Sunday, January 09, 2022

Former Biden adviser says US won't get more than 70 percent vaccinated 'without a mandate

Sun, January 9, 2022


Ezekiel Emanuel, a former member of the Biden transition's COVID-19 advisory board, said on Sunday that the U.S. will not get more than 70 percent of its population vaccinated "without a mandate."

"We will never get to 70, 80 percent or 90 percent of the American population vaccinated without a mandate. It's just that simple," Emanuel told moderator Chuck Todd on NBC's "Meet the Press."

Emanuel, who is currently serving as a vice provost at the University of Pennsylvania, said vaccine mandates are "our best tools to get 90 percent" of the population vaccinated.

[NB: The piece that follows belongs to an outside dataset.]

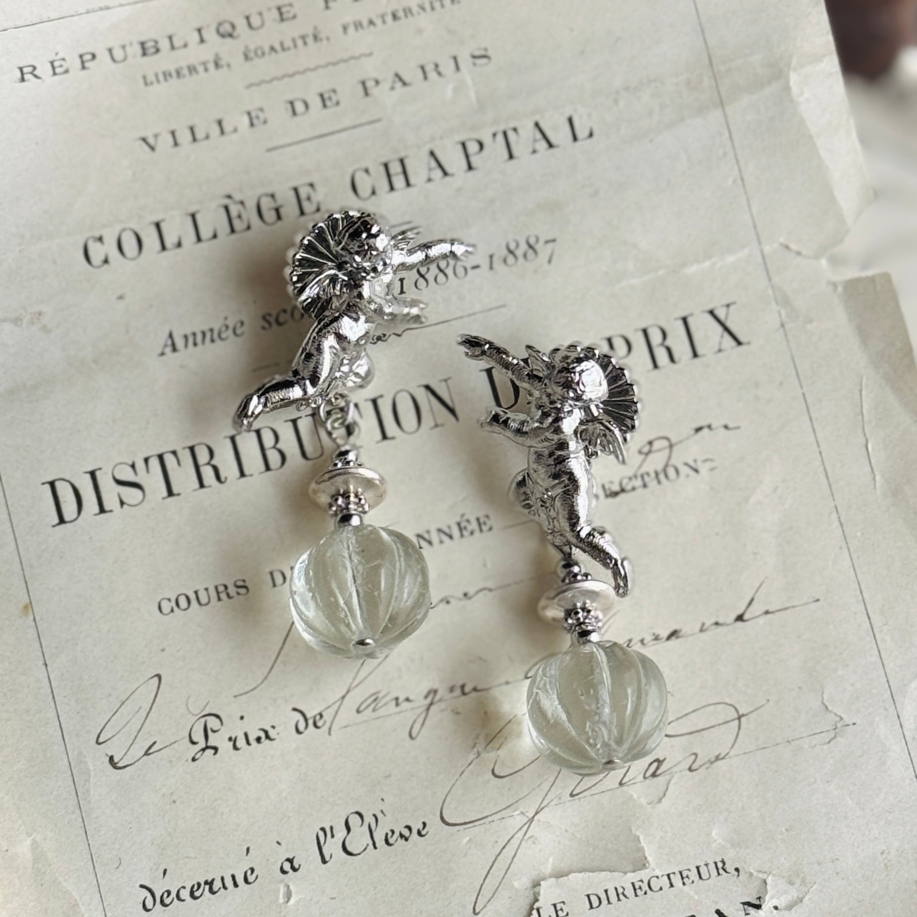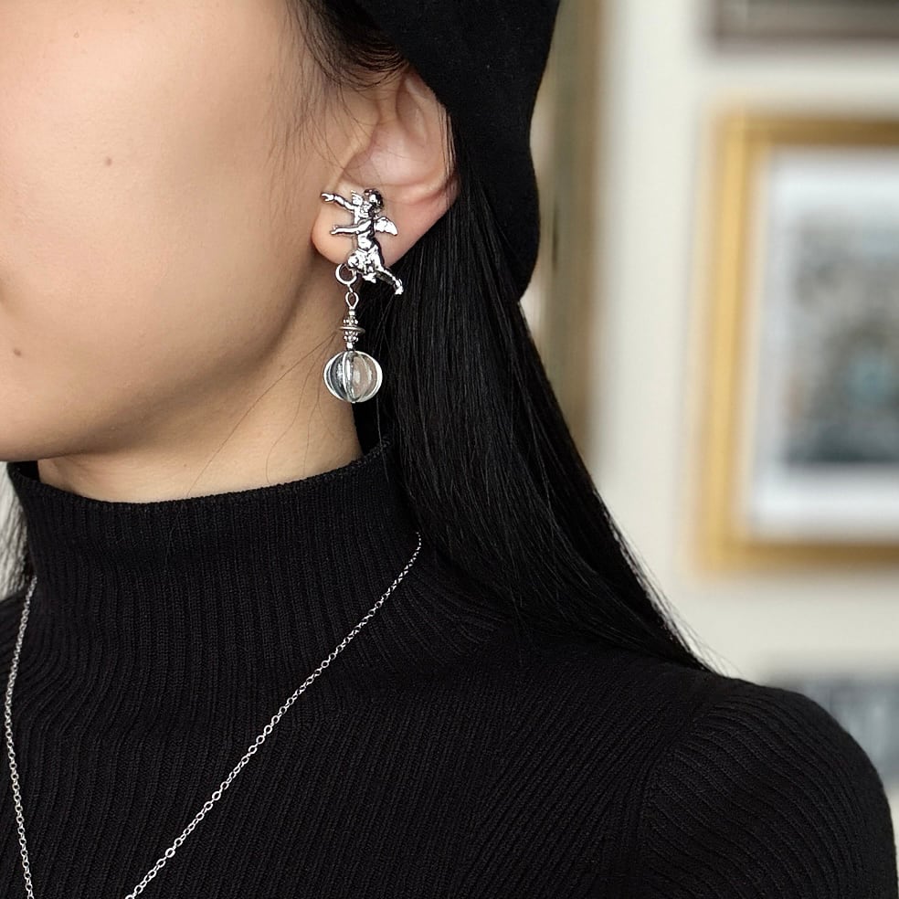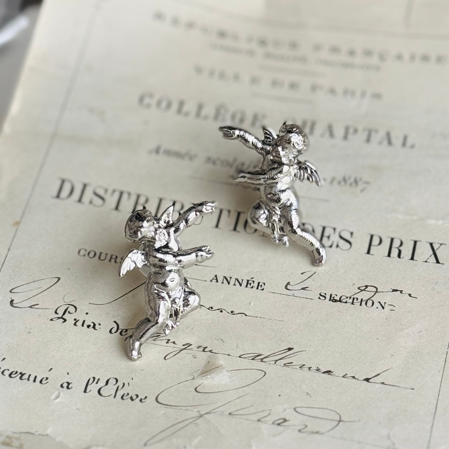 背に小さな翼を持つ、アモルモチーフの愛らしいジュエリー。

"They make sure that people who get infected don't get hospitalized at such a high rate and are very, very, very unlikely to die. That's an important protection for people, and we have to make sure that people get it," he added.Emanuel's comments came after the Supreme Court heard oral arguments for President Biden's vaccine-or-test mandate for a large swath of the U.S. workforce. The conservative justices on the bench asked sharp questions regarding whether a decades-old federal workplace law provides the legal authority for the regulation.

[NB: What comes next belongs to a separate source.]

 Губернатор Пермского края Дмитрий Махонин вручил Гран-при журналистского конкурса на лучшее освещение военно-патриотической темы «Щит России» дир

A number of states have filed lawsuits to stop the controversial policy from being enacted. It is set to take effect on Jan. 10.

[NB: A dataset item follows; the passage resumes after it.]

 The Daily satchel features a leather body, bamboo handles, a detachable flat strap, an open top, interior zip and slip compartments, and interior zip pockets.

Emanuel on Sunday said the Supreme Court must "recognize that COVID in the workplace is a real health threat and really does affect many people."

"Unfortunately, many front-line workers have died from COVID and contracting COVID in the workplace. They need protection, and ... mandating vaccination is a quite reasonable protection," he added.

The U.S. is currently seeing a surge in COVID-19 cases nationwide driven in part by the highly transmissible omicron variant. Deaths, however, have remained lower than during previous surges.

Early studies suggest that the omicron strain causes less severe illness in vaccinated individuals who contract the virus compared to previous variants.